======== MATERIAL TO PROCESS ========

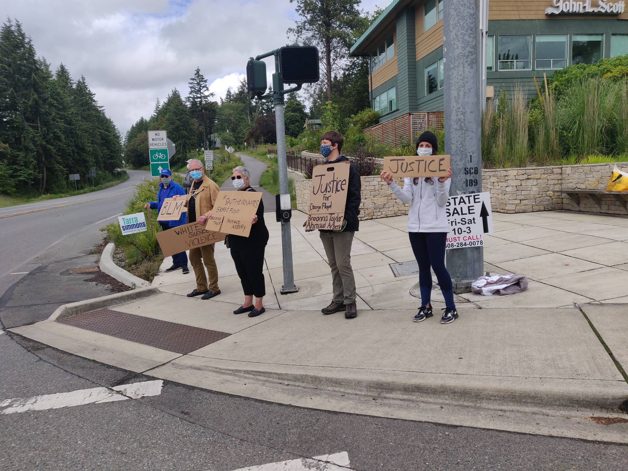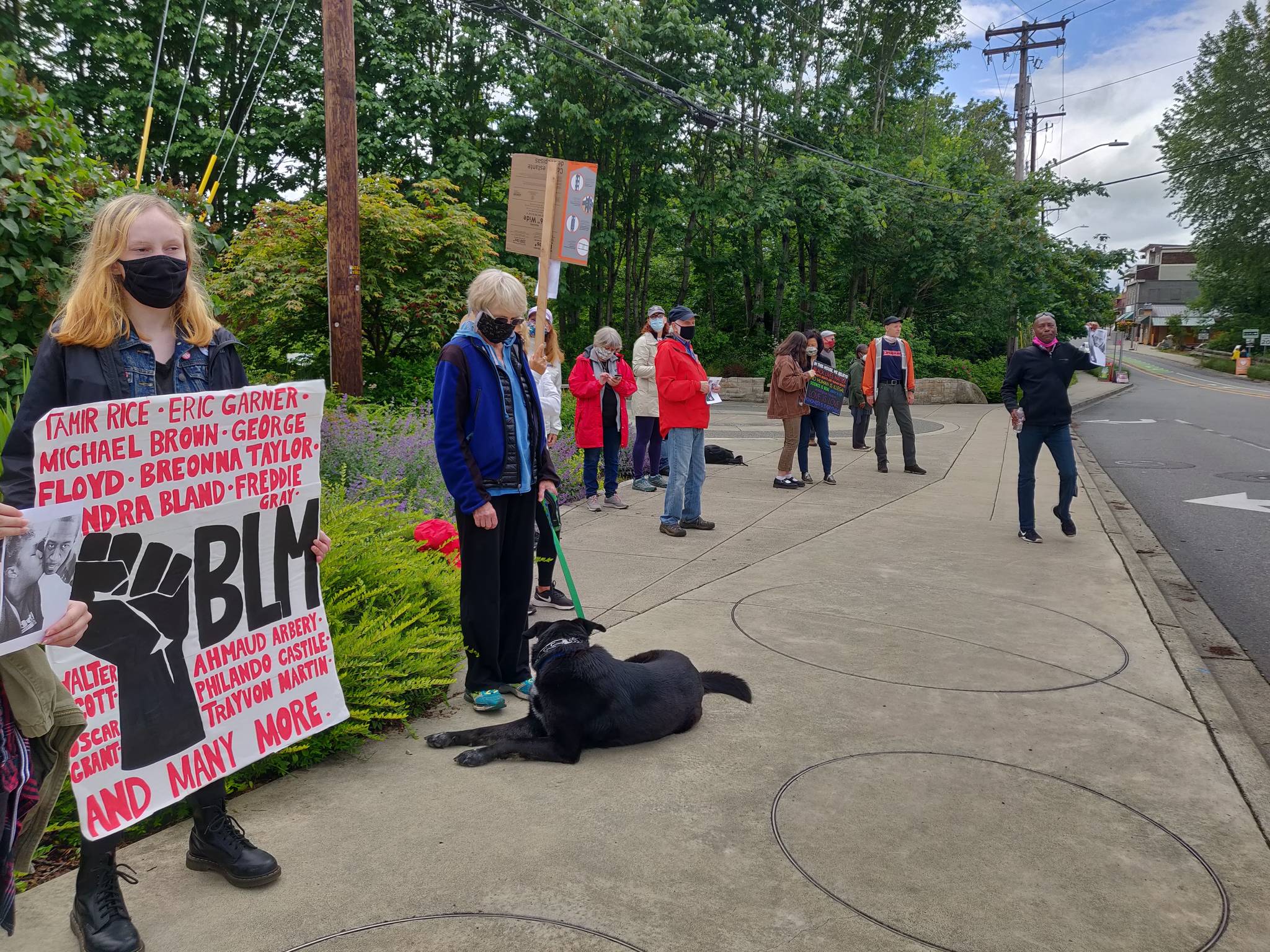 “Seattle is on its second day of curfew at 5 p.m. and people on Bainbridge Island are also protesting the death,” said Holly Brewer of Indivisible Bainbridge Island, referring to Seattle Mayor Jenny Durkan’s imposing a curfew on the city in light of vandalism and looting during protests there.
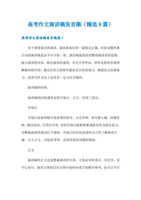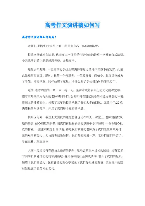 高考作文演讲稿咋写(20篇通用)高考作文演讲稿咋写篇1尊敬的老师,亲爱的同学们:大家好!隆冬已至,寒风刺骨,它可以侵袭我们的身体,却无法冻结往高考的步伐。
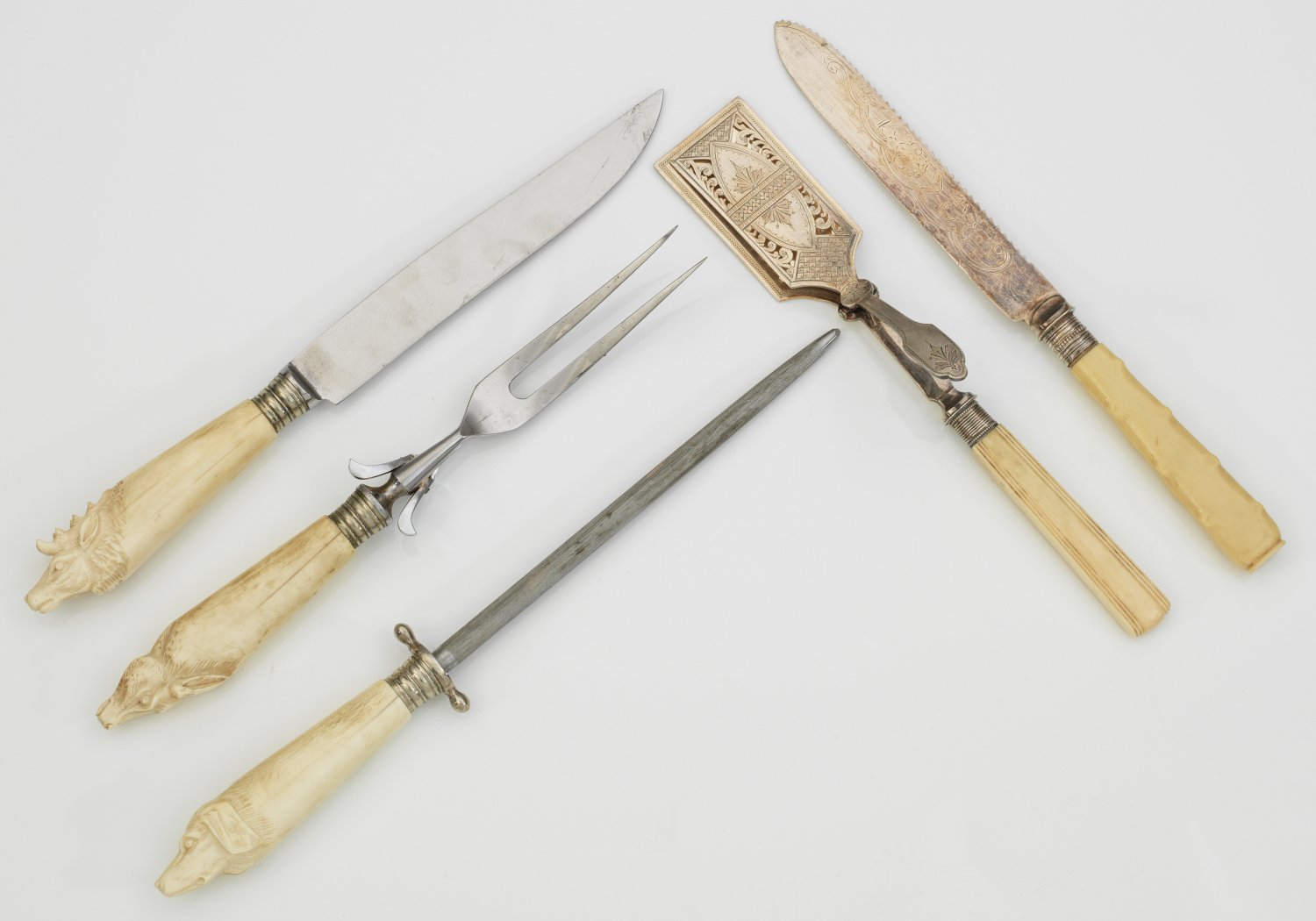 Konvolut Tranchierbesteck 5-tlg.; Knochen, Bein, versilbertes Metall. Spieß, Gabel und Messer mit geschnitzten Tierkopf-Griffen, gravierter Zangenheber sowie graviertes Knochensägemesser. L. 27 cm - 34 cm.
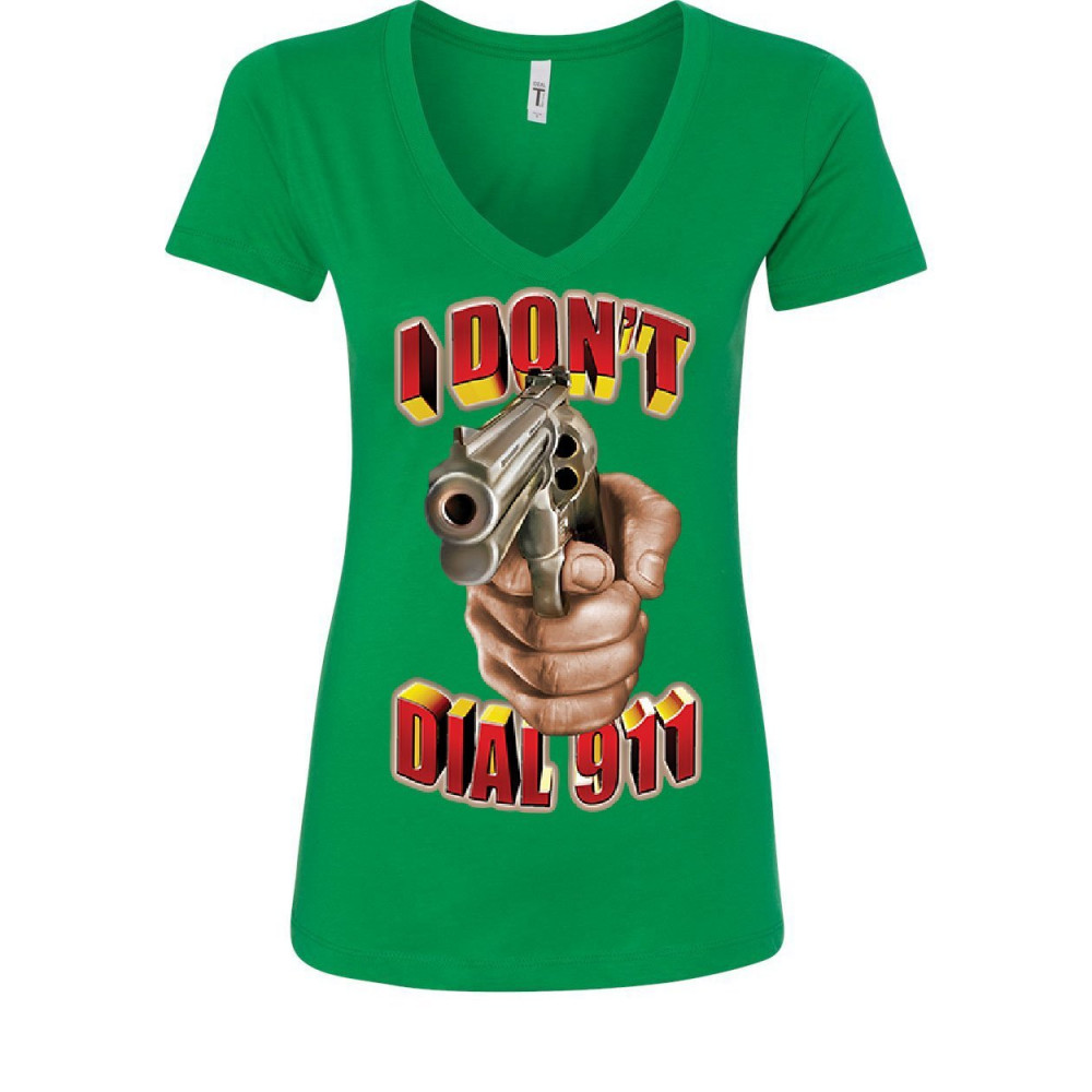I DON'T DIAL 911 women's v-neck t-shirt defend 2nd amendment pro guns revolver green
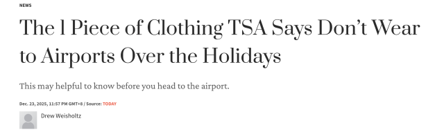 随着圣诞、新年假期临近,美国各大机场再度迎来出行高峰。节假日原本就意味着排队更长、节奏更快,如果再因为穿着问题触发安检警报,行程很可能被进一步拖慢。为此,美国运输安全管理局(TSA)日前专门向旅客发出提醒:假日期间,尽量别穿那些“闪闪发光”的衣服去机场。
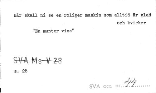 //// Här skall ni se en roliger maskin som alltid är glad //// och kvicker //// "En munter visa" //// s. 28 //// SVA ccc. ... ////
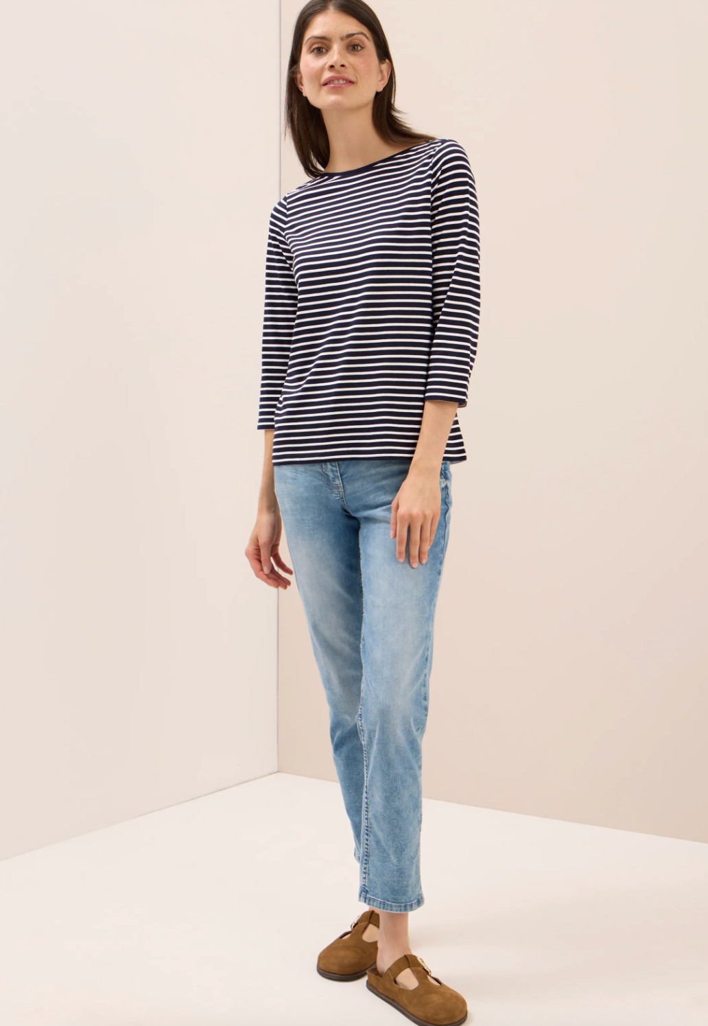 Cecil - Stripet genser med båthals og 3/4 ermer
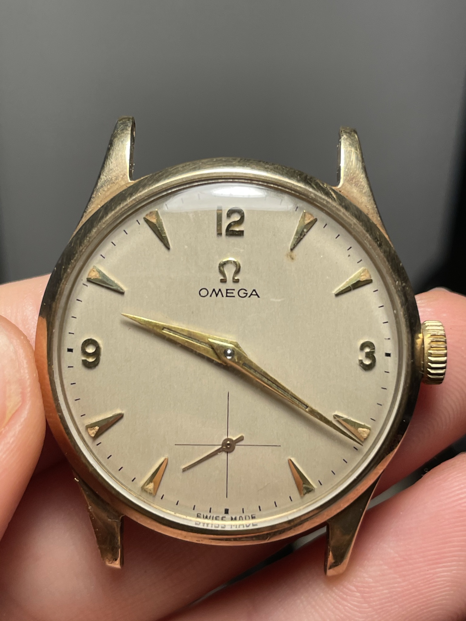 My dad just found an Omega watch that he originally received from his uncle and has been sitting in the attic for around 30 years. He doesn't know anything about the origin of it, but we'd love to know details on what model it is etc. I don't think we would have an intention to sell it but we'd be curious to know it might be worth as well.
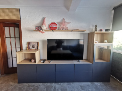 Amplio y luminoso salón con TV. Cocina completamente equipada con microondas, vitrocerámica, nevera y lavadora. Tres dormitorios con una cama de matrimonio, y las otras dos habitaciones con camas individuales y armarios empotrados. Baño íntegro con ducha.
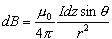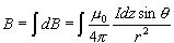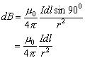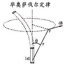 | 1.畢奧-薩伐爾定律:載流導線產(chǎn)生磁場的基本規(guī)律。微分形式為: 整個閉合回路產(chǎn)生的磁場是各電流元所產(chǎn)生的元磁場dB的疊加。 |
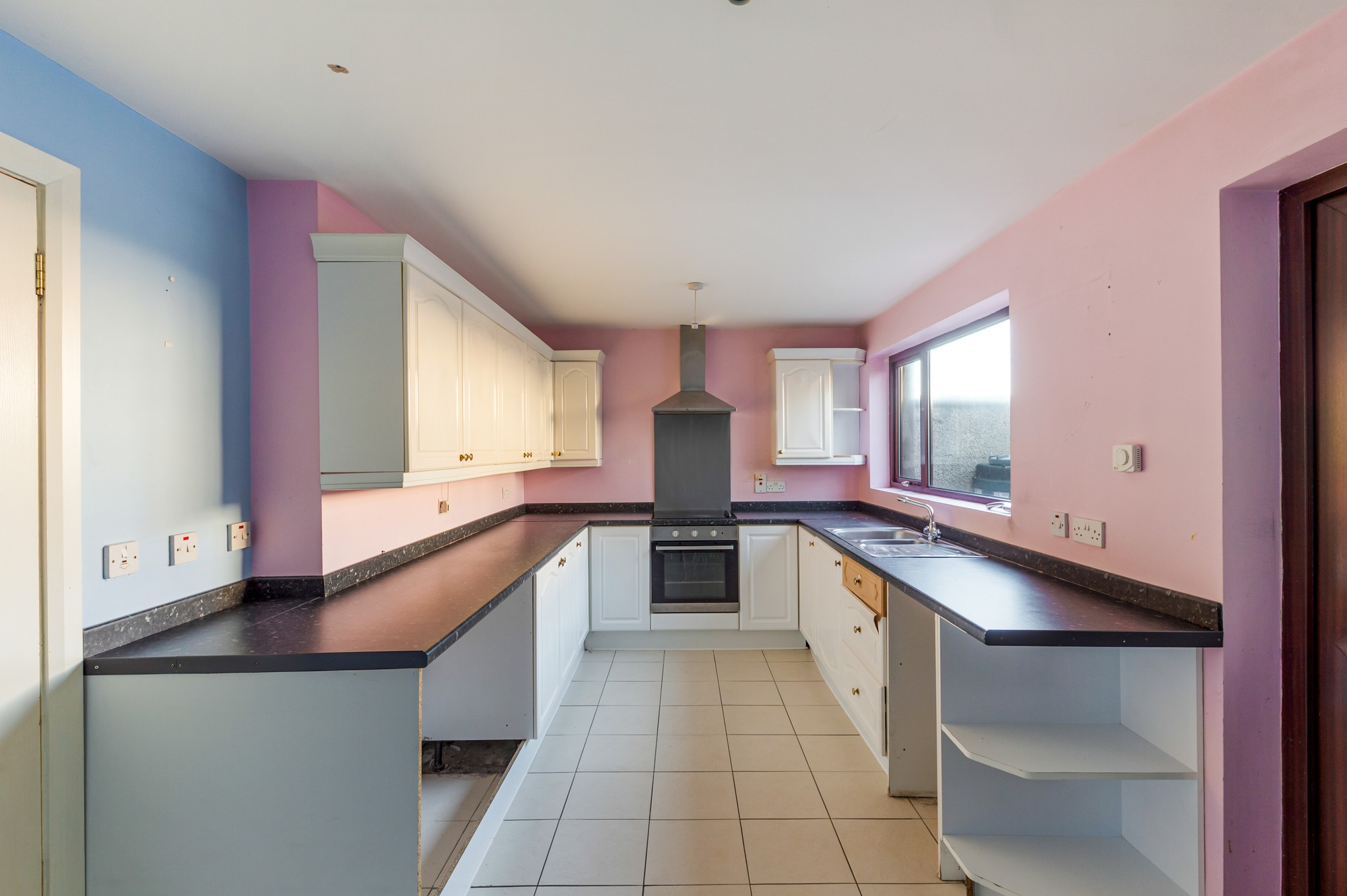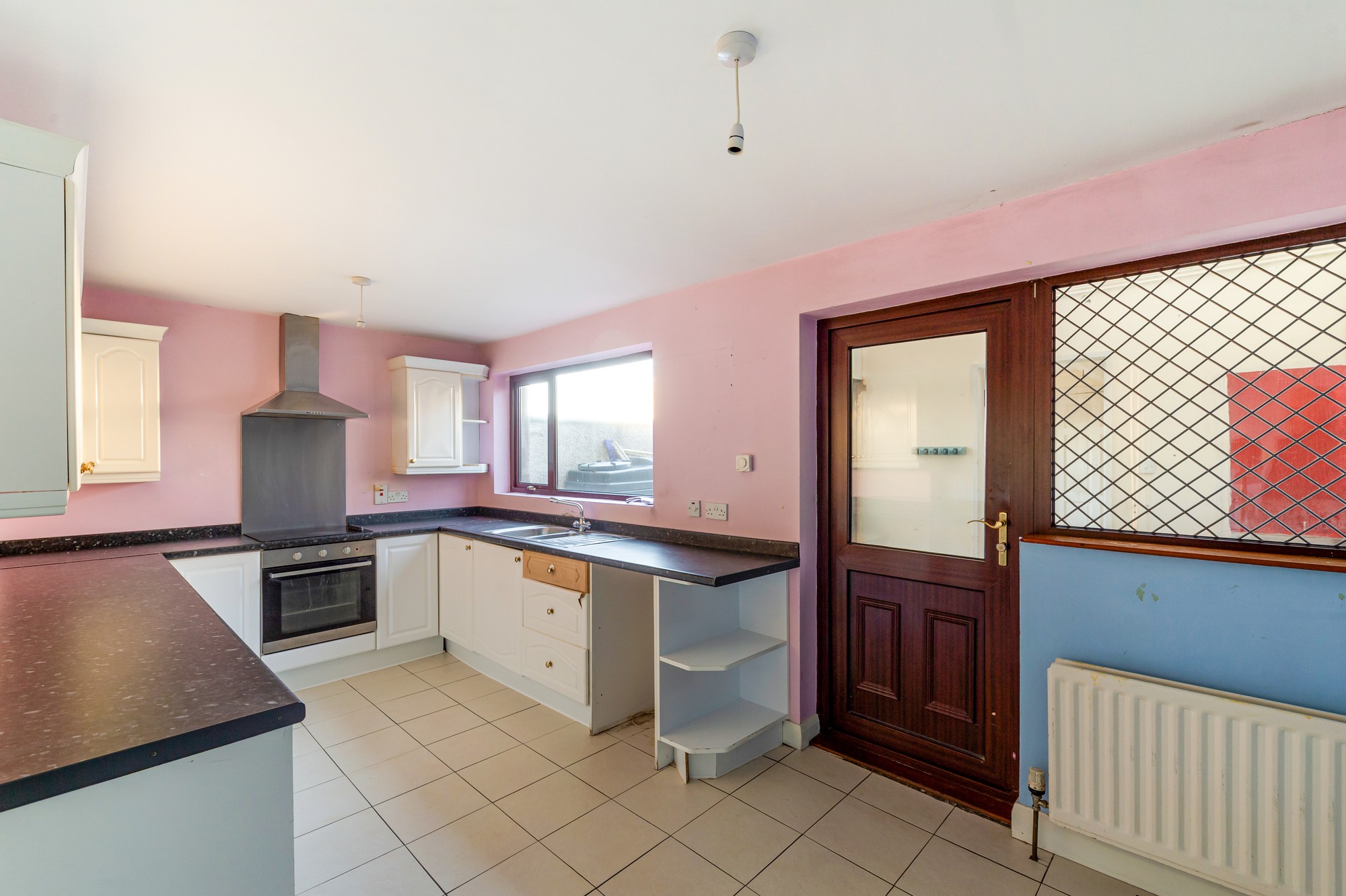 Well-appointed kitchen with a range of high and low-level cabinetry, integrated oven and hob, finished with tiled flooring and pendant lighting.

========

ACTION ITEM —
In the data above, find the line containing "Konvolut Tranchierbesteck 5-tlg.;" and the line containing "随着圣诞、新年假期临近,美国". Copy exactly the stretch from the first through the second, both included, leaving out any picture.

ANSWER SPACE —
 Konvolut Tranchierbesteck 5-tlg.; Knochen, Bein, versilbertes Metall. Spieß, Gabel und Messer mit geschnitzten Tierkopf-Griffen, gravierter Zangenheber sowie graviertes Knochensägemesser. L. 27 cm - 34 cm.
I DON'T DIAL 911 women's v-neck t-shirt defend 2nd amendment pro guns revolver green
 随着圣诞、新年假期临近,美国各大机场再度迎来出行高峰。节假日原本就意味着排队更长、节奏更快,如果再因为穿着问题触发安检警报,行程很可能被进一步拖慢。为此,美国运输安全管理局(TSA)日前专门向旅客发出提醒:假日期间,尽量别穿那些“闪闪发光”的衣服去机场。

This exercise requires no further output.